We investigate the preconditioning of an all-speed Navier-Stokes solver, based on the orthogonal-basis reconstructed Discontinuous Galerkin (rDG) method, and integrated using high-order, fully implicit time discretization schemes. The work is motivated by laser-induced phase change applications, particularly the selective laser melting (SLM) process in additive manufacturing. Simulations of the SLM process require precise tracking of multi-material solid-liquid-gas interfaces, due to laser-induced melting/solidification and evaporation/condensation of metal powder in an ambient gas. These rapid density variations and phase change processes tightly couple the governing equations, requiring a fully compressible framework to robustly capture the rapid density variations of the ambient gas and the melting/evaporation of the metal powder.
The governing equations are discretized up to 4th-order accuracy with our rDG spatial discretization scheme and up to 5th-order accuracy with L-stable fully implicit time discretization schemes (BDF2 and ESDIRK3-5). The resulting set of non-linear equations is solved using a robust Newton-Krylov method, with the Jacobian-free version of the GMRES solver for linear iterations. Due to the stiffness of the underlying physics associated with fast acoustic waves and thermal and viscous/material strength effects, GMRES must be preconditioned. To accelerate the convergence of the Newton-GMRES solver, we employ a semi-implicit, physics-based operator split preconditioner (PBP) with a p-multigrid approach. While physics-based operator-split preconditioning has been successfully deployed in the past for finite volume based Navier-Stokes solvers, using a p-multigrid technique for the preconditioning of DG-based solvers is relatively new, especially in the context of the Jacobian-free Newton Krylov (JFNK) methodology.
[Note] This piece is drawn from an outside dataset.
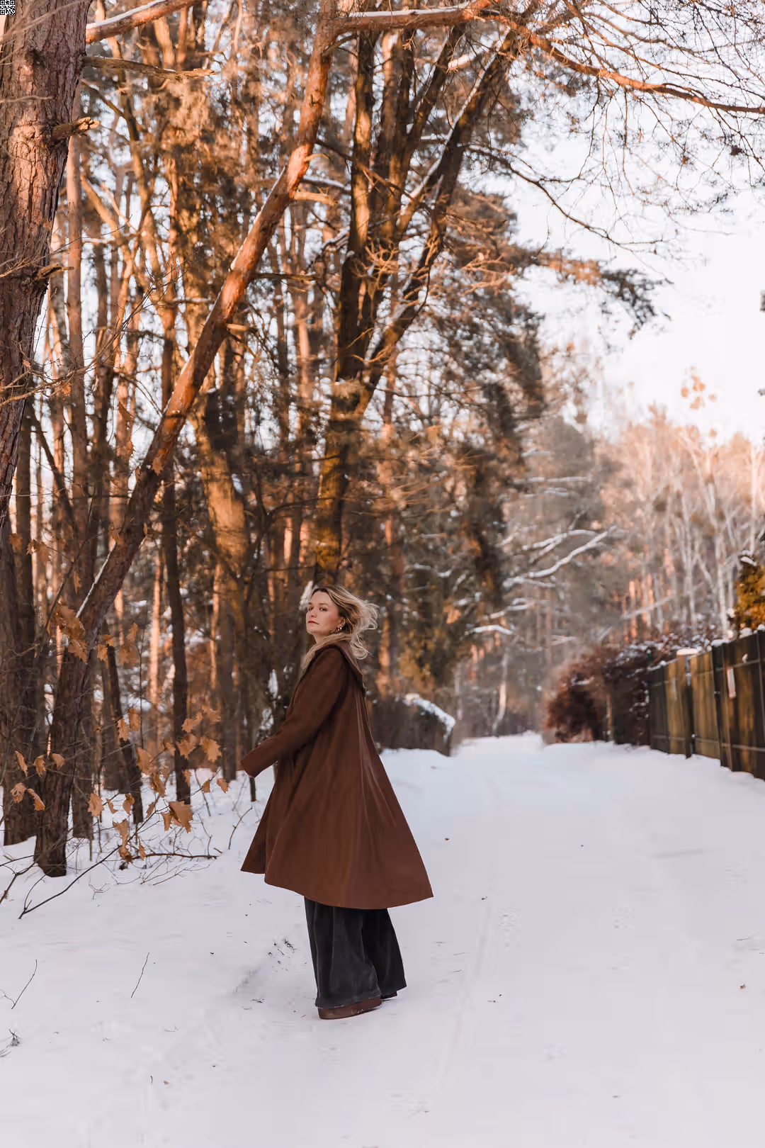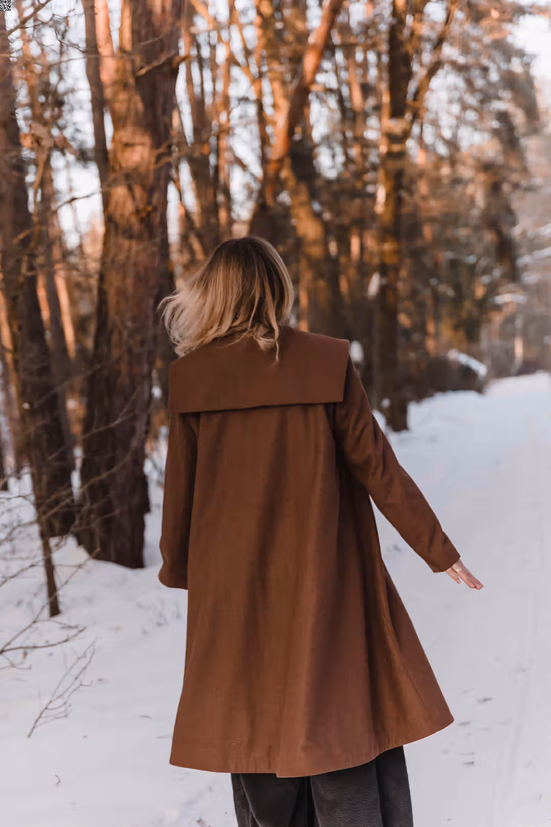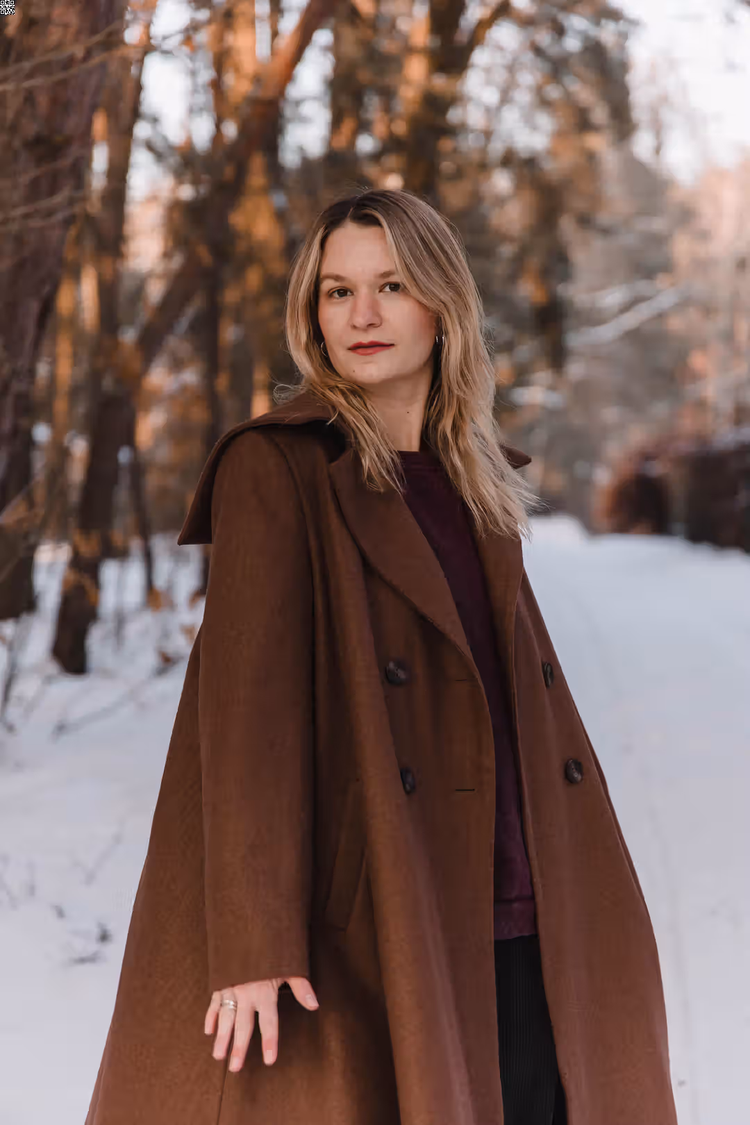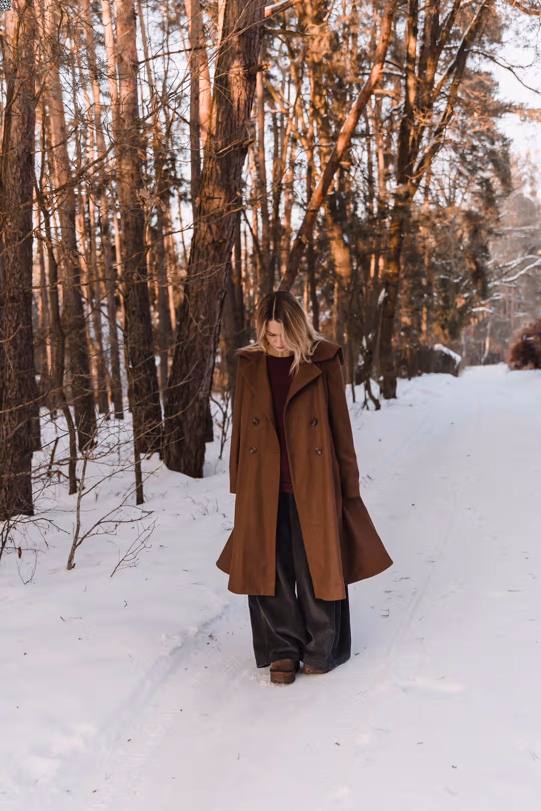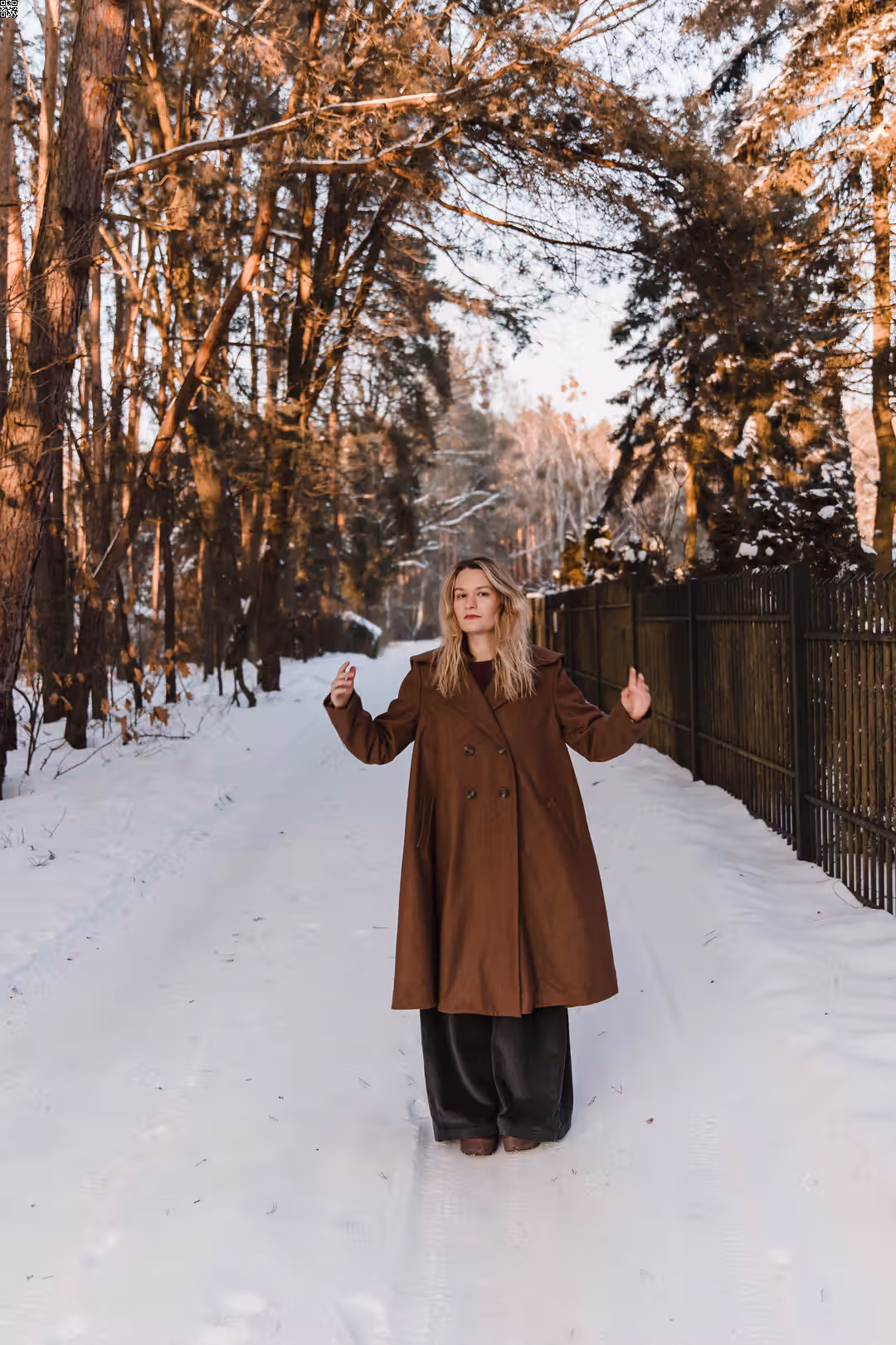 To ten rodzaj płaszcza, który po prostu się zakłada. Bez zastanawiania się, czy pasuje — bo pasuje do wszystkiego. Dobrze wygląda z sukienkami i spódnicami, ale równie naturalnie z prostymi spodniami czy sportowymi zestawami. Jest elegancki, kiedy tego chcesz, i zupełnie swobodny na co dzień. Ma mocno rozkloszowaną formę, dzięki której pięknie pracuje w ruchu — miękko się układa, faluje, żyje razem z sylwetką. Poduszki w ramionach dodają mu charakteru, a kieszenie są po prostu tam, gdzie trzeba. To płaszcz, który nie ogranicza stylizacji — tylko je dopełnia.

We investigate different options to split the governing equations for the linearized residuals, rendering a reduced set of the approximate Jacobian as the preconditioning matrix. In addition, we explore different stationary iterative methods as well as the ordering of the physics (block) degrees of freedom. We demonstrate that our JFNK-PBP framework converges for high CFL numbers on classic benchmark problems in fluid dynamics (lid-driven cavity flow and natural convection heat transfer) as well as for laser-induced phase change problems in 2D and 3D.
This work was performed under the auspices of the U.S. Department of Energy by Lawrence Livermore National Laboratory under Contract DE-AC52-07NA27344.